■ **Problem**:
Restate exactly the lines of the entries below, beginning with the first and ending with the line that holds "PS2:若带的是九组顶级蔬果". Pictures are not copied.

■ **Data entries**:
--- --- ---

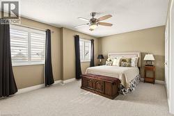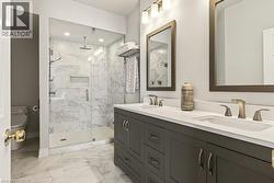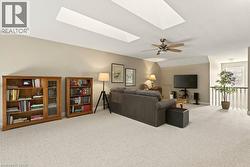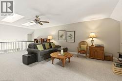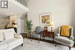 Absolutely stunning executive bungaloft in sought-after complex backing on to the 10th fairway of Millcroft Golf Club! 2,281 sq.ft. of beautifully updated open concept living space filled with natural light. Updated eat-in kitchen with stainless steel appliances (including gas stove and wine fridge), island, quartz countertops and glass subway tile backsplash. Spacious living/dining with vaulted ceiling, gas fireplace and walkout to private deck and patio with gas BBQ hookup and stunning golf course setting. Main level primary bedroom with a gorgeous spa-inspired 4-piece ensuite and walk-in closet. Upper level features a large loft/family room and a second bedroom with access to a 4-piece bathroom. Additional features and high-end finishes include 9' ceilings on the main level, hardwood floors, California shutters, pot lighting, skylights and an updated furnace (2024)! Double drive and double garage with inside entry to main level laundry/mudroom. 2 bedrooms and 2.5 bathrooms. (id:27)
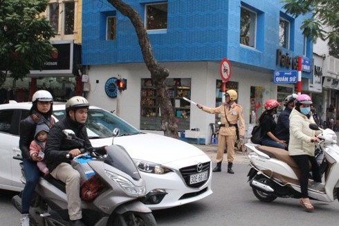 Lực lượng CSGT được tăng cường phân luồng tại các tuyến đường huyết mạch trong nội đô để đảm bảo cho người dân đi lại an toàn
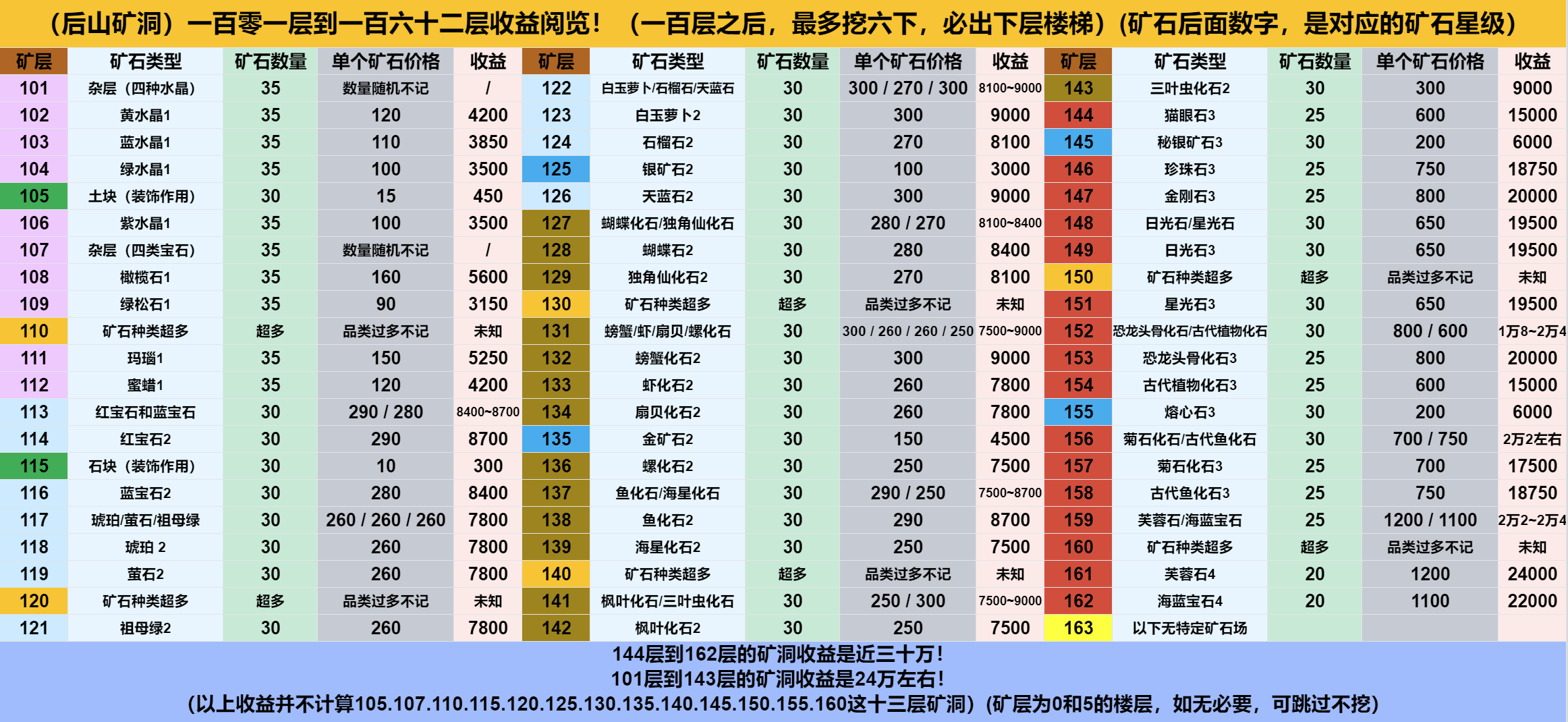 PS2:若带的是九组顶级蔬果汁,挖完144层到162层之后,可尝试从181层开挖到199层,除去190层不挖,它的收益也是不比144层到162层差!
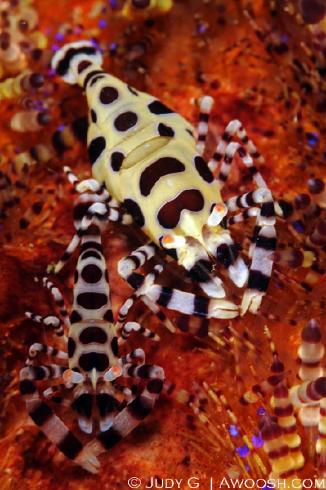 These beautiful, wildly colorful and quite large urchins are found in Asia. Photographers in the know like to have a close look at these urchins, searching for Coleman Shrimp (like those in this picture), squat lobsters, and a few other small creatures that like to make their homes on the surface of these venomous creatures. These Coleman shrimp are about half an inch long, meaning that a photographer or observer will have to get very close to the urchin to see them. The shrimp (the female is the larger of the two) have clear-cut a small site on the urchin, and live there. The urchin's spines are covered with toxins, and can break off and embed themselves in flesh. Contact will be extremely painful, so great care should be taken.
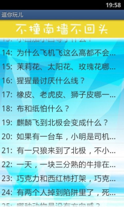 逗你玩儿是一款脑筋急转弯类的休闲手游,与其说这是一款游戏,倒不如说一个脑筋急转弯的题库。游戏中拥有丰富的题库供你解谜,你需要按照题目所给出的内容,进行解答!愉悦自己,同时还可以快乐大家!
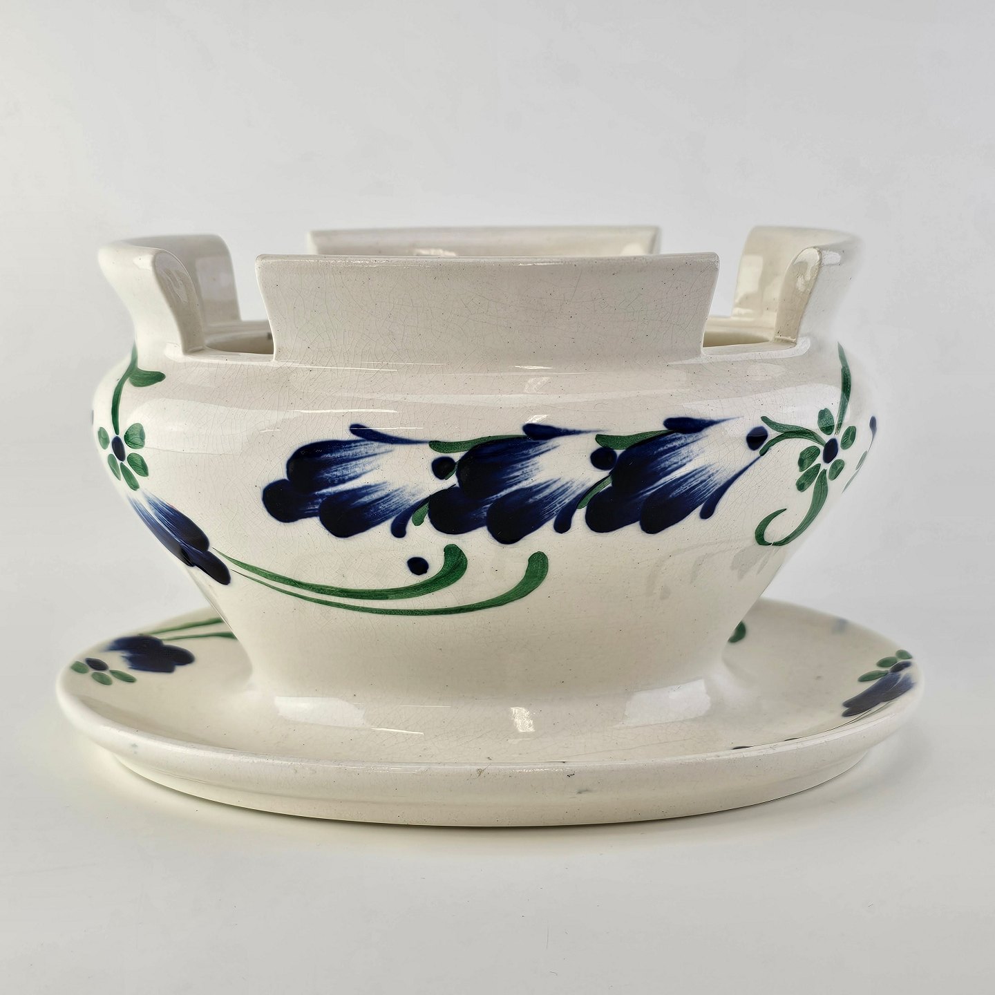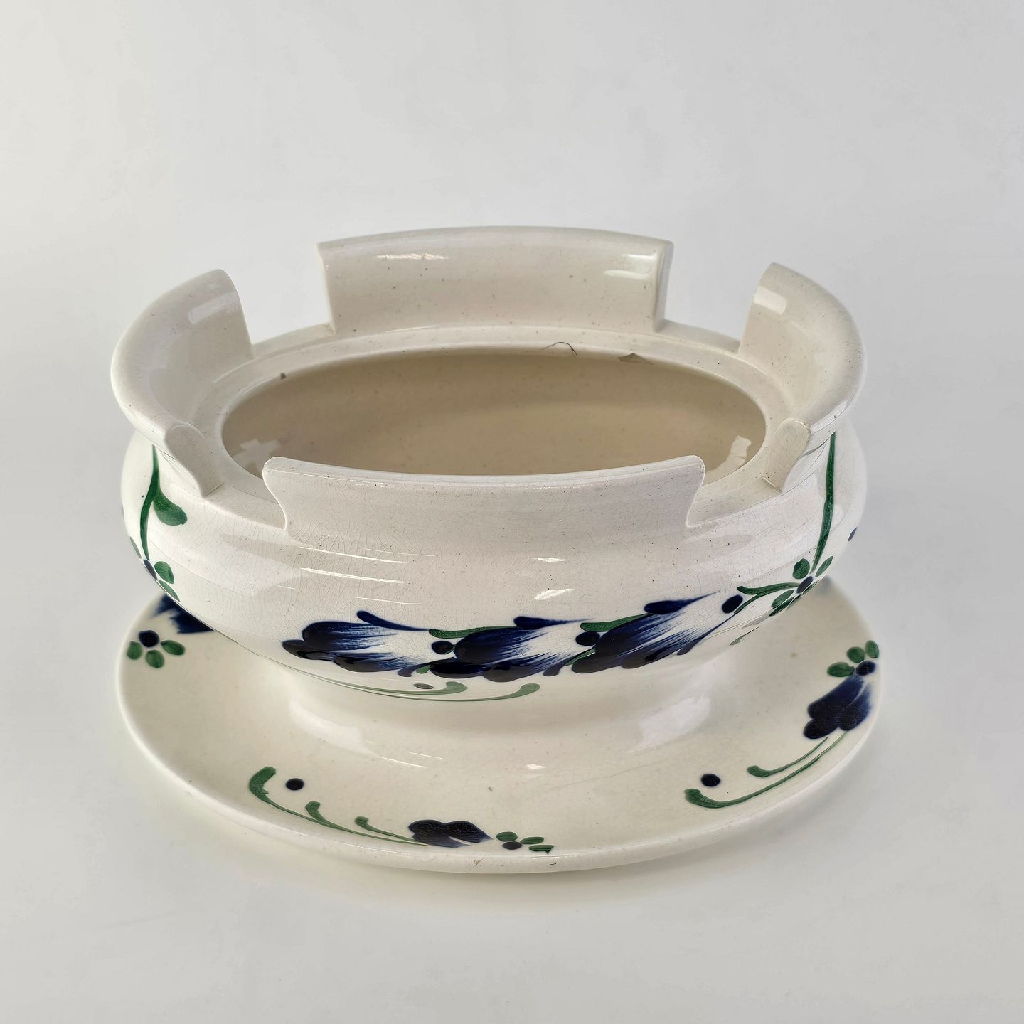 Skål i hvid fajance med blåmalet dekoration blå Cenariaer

--- --- ---

■ **Task answer**:
 Absolutely stunning executive bungaloft in sought-after complex backing on to the 10th fairway of Millcroft Golf Club! 2,281 sq.ft. of beautifully updated open concept living space filled with natural light. Updated eat-in kitchen with stainless steel appliances (including gas stove and wine fridge), island, quartz countertops and glass subway tile backsplash. Spacious living/dining with vaulted ceiling, gas fireplace and walkout to private deck and patio with gas BBQ hookup and stunning golf course setting. Main level primary bedroom with a gorgeous spa-inspired 4-piece ensuite and walk-in closet. Upper level features a large loft/family room and a second bedroom with access to a 4-piece bathroom. Additional features and high-end finishes include 9' ceilings on the main level, hardwood floors, California shutters, pot lighting, skylights and an updated furnace (2024)! Double drive and double garage with inside entry to main level laundry/mudroom. 2 bedrooms and 2.5 bathrooms. (id:27)
 Lực lượng CSGT được tăng cường phân luồng tại các tuyến đường huyết mạch trong nội đô để đảm bảo cho người dân đi lại an toàn
 PS2:若带的是九组顶级蔬果汁,挖完144层到162层之后,可尝试从181层开挖到199层,除去190层不挖,它的收益也是不比144层到162层差!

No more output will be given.